BRIEF: Pull every line that holds the word "American" from the entries.

Stored entries
⟨

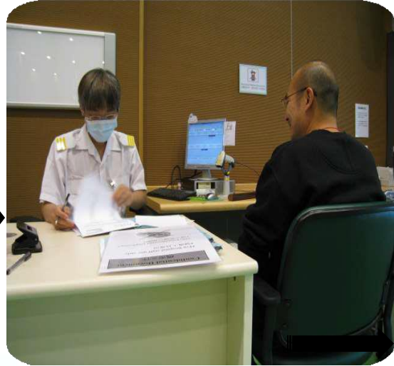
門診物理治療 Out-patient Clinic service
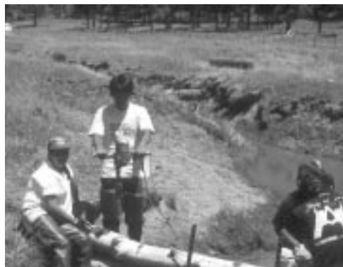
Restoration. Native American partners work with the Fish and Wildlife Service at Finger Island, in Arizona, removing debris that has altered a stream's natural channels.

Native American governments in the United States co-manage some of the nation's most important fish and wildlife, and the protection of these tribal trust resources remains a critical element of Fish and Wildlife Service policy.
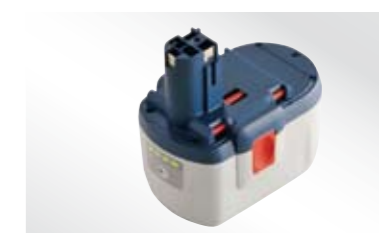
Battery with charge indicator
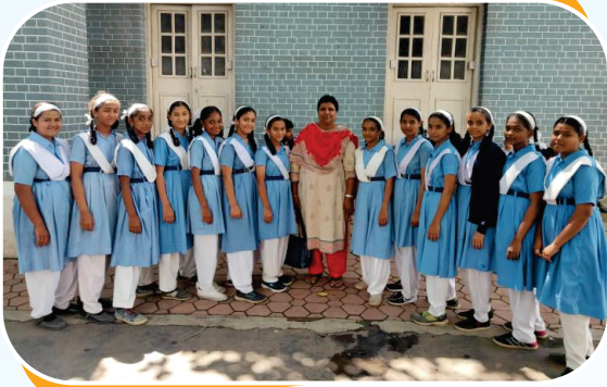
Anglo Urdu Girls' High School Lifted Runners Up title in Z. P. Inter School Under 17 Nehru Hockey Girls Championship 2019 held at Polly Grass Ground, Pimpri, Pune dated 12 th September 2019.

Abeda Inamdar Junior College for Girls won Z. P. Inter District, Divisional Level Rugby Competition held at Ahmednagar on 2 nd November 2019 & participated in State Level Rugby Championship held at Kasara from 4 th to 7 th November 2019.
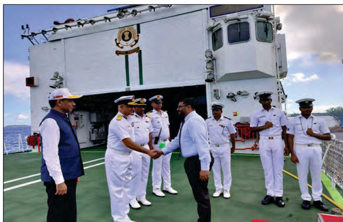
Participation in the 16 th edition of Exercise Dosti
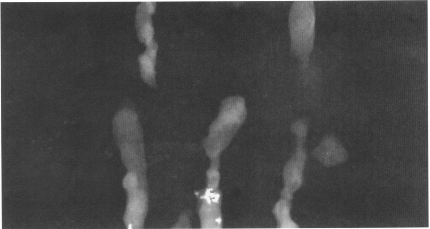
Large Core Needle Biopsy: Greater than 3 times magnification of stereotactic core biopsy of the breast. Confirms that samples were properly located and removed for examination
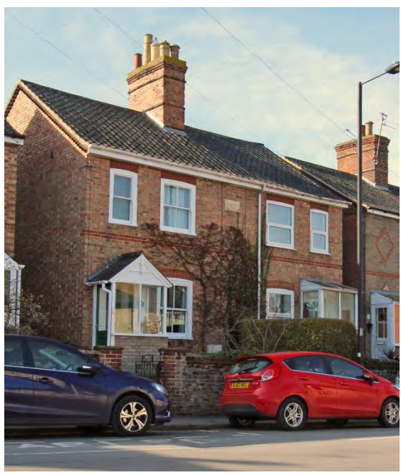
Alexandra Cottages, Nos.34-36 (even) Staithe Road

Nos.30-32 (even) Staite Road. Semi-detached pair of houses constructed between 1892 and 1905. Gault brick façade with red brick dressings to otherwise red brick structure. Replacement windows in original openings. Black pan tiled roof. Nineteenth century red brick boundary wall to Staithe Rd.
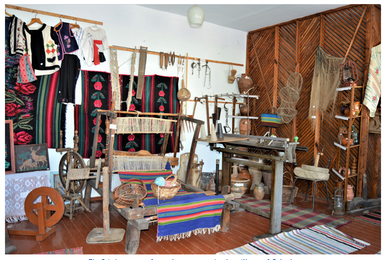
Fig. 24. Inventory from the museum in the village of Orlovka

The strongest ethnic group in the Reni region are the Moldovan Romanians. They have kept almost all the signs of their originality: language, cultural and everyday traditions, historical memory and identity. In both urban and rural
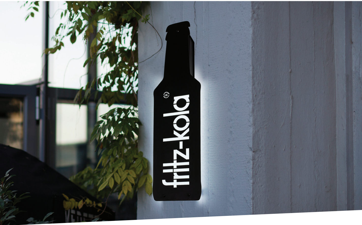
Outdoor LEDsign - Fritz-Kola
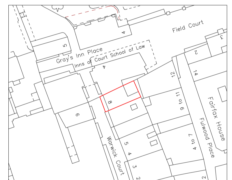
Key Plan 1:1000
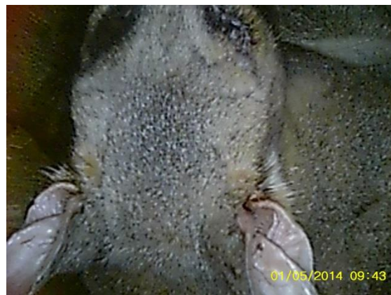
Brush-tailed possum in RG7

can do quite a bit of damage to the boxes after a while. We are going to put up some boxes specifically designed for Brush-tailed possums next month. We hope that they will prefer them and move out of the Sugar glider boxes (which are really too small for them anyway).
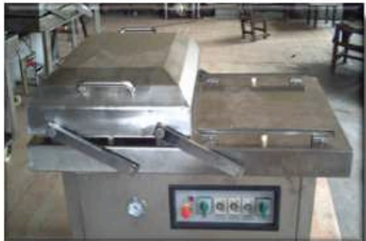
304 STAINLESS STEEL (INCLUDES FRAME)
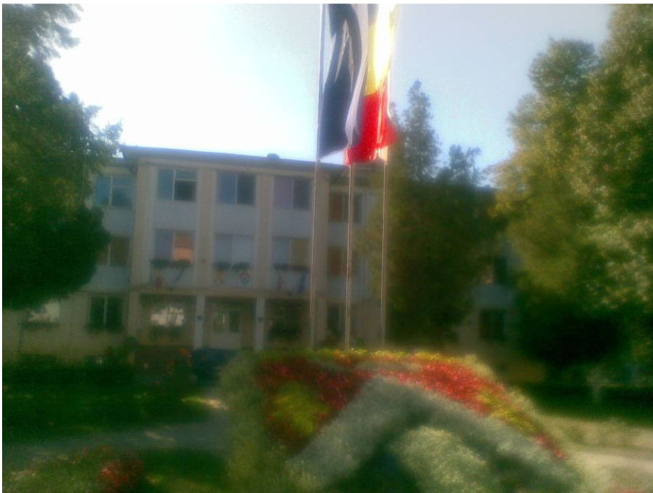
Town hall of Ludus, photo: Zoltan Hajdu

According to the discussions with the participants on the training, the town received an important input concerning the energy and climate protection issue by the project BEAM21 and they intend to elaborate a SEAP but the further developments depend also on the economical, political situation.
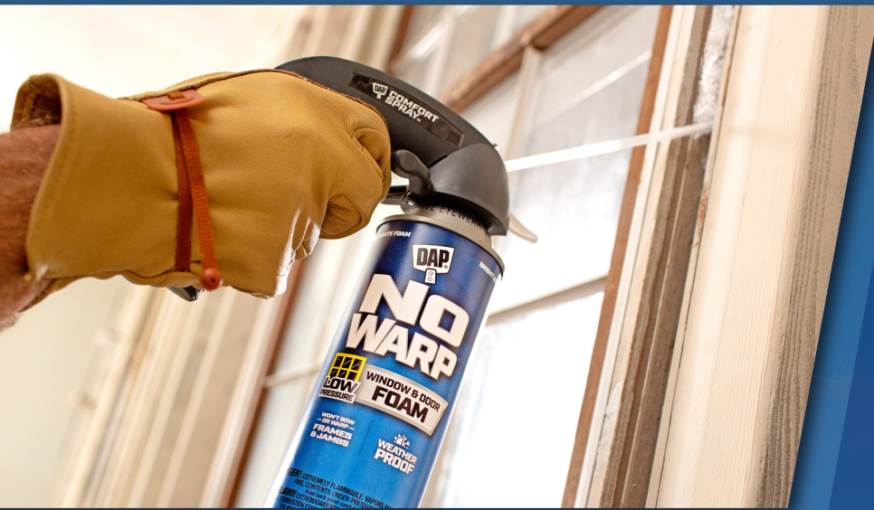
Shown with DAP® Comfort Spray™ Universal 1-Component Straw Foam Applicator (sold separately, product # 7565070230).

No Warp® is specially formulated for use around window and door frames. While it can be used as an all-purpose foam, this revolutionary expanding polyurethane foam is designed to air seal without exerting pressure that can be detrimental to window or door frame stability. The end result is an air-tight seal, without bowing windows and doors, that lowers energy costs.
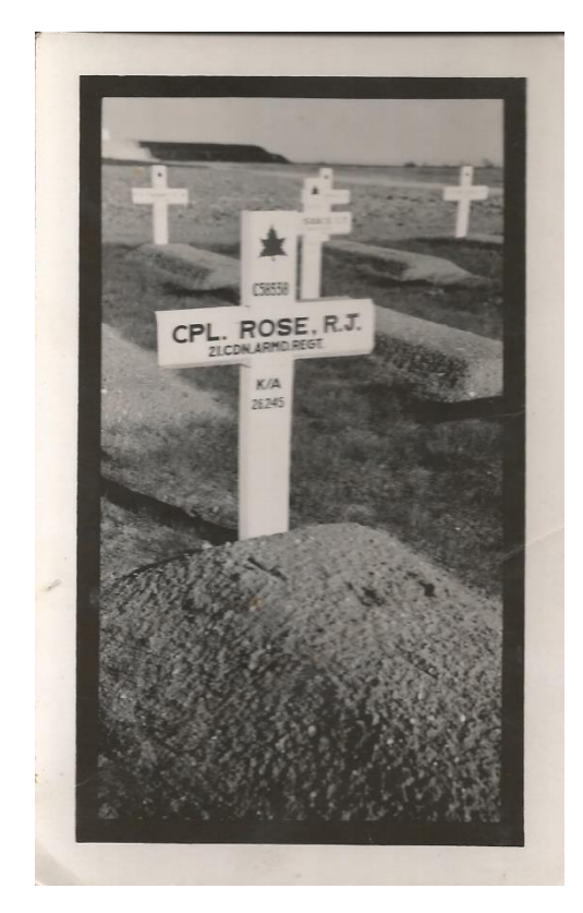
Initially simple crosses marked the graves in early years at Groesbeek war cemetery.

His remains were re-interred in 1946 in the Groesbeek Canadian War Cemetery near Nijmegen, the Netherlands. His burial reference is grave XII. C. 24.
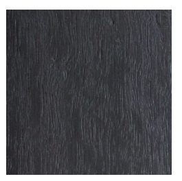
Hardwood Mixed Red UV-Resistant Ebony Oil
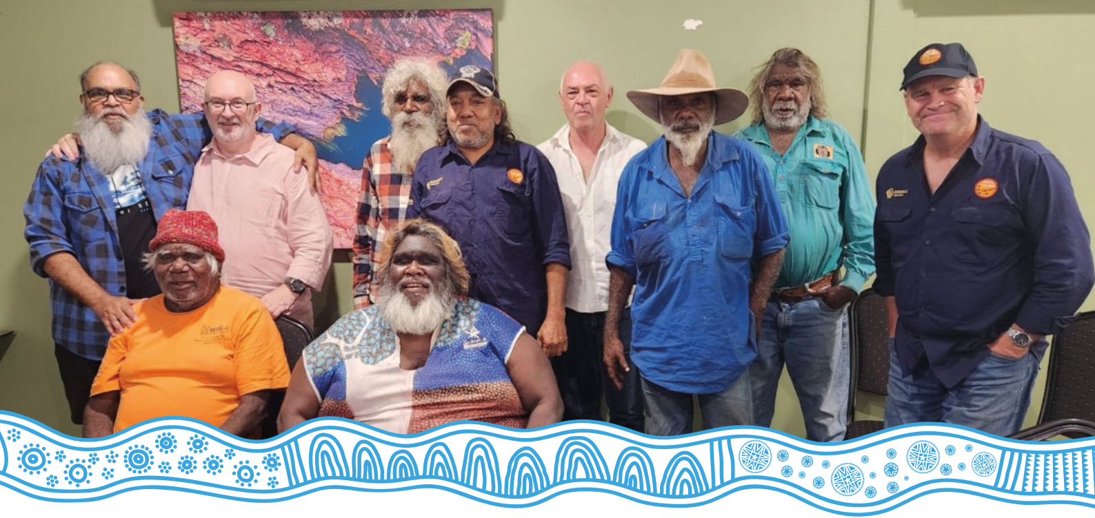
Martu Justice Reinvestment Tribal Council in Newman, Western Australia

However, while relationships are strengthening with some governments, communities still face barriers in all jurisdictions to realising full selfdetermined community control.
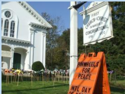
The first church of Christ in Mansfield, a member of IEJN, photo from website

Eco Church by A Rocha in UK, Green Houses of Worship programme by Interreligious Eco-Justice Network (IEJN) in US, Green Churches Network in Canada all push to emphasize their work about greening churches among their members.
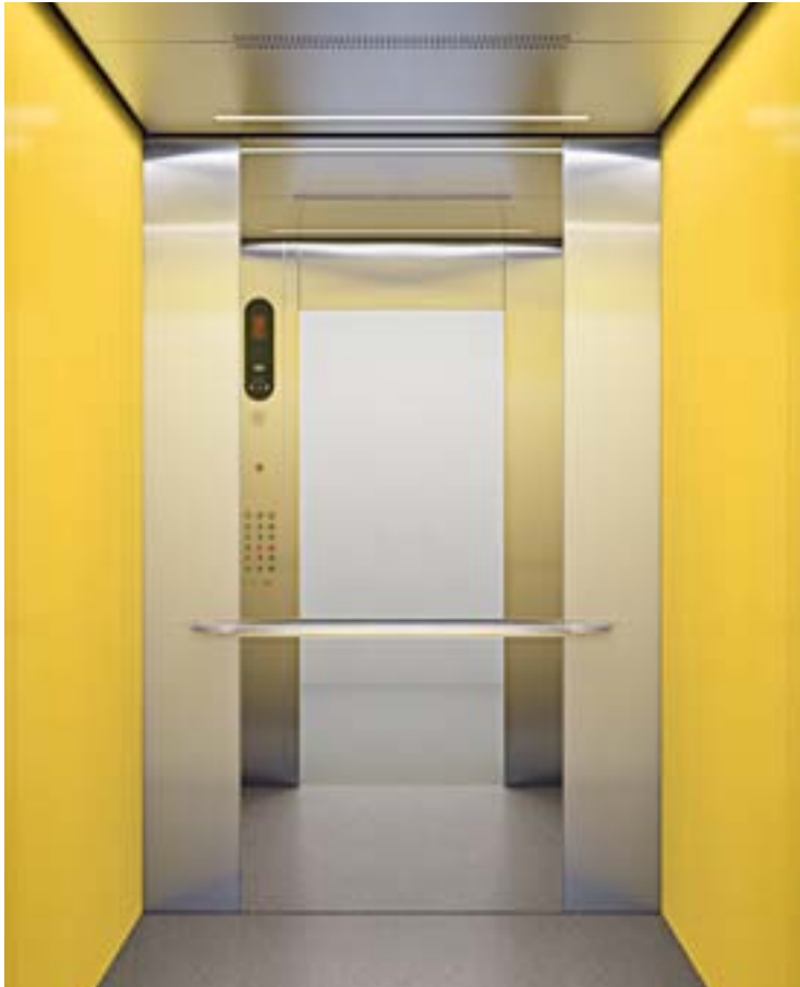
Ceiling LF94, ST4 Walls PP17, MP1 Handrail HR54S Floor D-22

⟩

RESPONSE BOX:
Restoration. Native American partners work with the Fish and Wildlife Service at Finger Island, in Arizona, removing debris that has altered a stream's natural channels.
Native American governments in the United States co-manage some of the nation's most important fish and wildlife, and the protection of these tribal trust resources remains a critical element of Fish and Wildlife Service policy.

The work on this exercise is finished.